Présentes ô combien, actives et efficaces, les femmes jouent un rôle majeur dans notre industrie et comptent pour beaucoup dans l’impact de la participation canadienne à cette 65e édition du Festival de Cannes.

Qui sont-elles? Deux femmes, deux visions qui se rejoignent, assurer la vitalité de notre cinéma et sa promotion: Carolle Brabant, directrice générale de Téléfilm Canada, l’agence fédérale, pivot de notre industrie cinématographique; Karen Thorne-Stone, présidente et directrice générale de la SODIMO, la Société de développement de l’industrie des médias de l’Ontario.

Dynamique, passionnée, la patronne de Téléfilm ose. Sa plus récente initiative, l’événement couronné de succès «Hommage aux talents canadiens à Cannes».

Un trophée, le Diamant canadien, création du joaillier Birks, récompense désormais nos talents. Cette année, deux jeunes actrices en sont lauréates: Sarah Gadon, vedette de Cosmopolis de David Cronenberg et de Antiviral de Brandon Cronenberg, ainsi que Emily Hampshire, également interprète de Cosmopolis, qu’on voit brièvement dans Laurence Anyways, en attendant le rôle principal que lui destine Xavier Dolan dans son prochain film.

Publicité

Autre initiative très courue: «Dialogue Père & Fils : les Cronenberg à Cannes» animé par le directeur artistique du TIFF, Cameron Bailey. Distrayant avec un David en verve et plein d’humour et Brandon plutôt introverti, semblant s’abriter dans l’ombre de l’aura paternelle.

La SODIMO est partout

À la barre de la SODIMO, Karen Thorne-Stone explique le rôle de la société à Cannes. Il est multiple: soutenir les projets d’une cinquantaine de producteurs ontariens; construire des ponts avec les agences d’autres pays afin d’encourager les coproductions; négocier ces dernières. Cosmopolis, coproduction Canada-France, illustre parfaitement ces efforts.

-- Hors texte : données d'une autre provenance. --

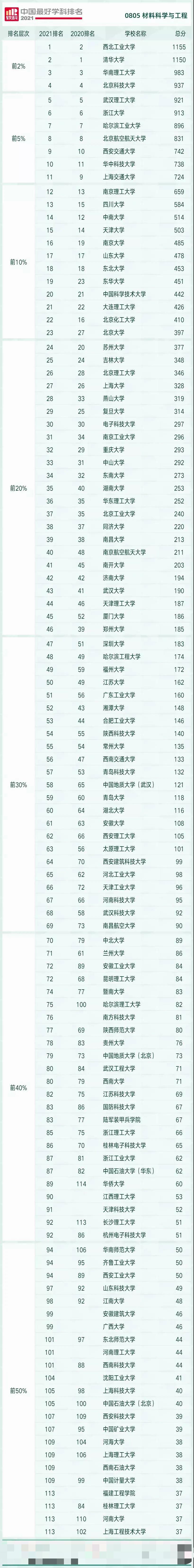 来看看软科2021材料科学与工程专业的院校排名吧:

Il faut aussi promouvoir les films sélectionnés, leurs créateurs et leurs interprètes; organiser des occasions de rencontres internationales en collaboration avec le TIFF; participer aux initiatives des autres agences provinciales. Ainsi, d’une collaboration avec l’agence du Québec, la SODEC, naîtra An Ennemi, premier film de Denis Villeneuve tourné en anglais.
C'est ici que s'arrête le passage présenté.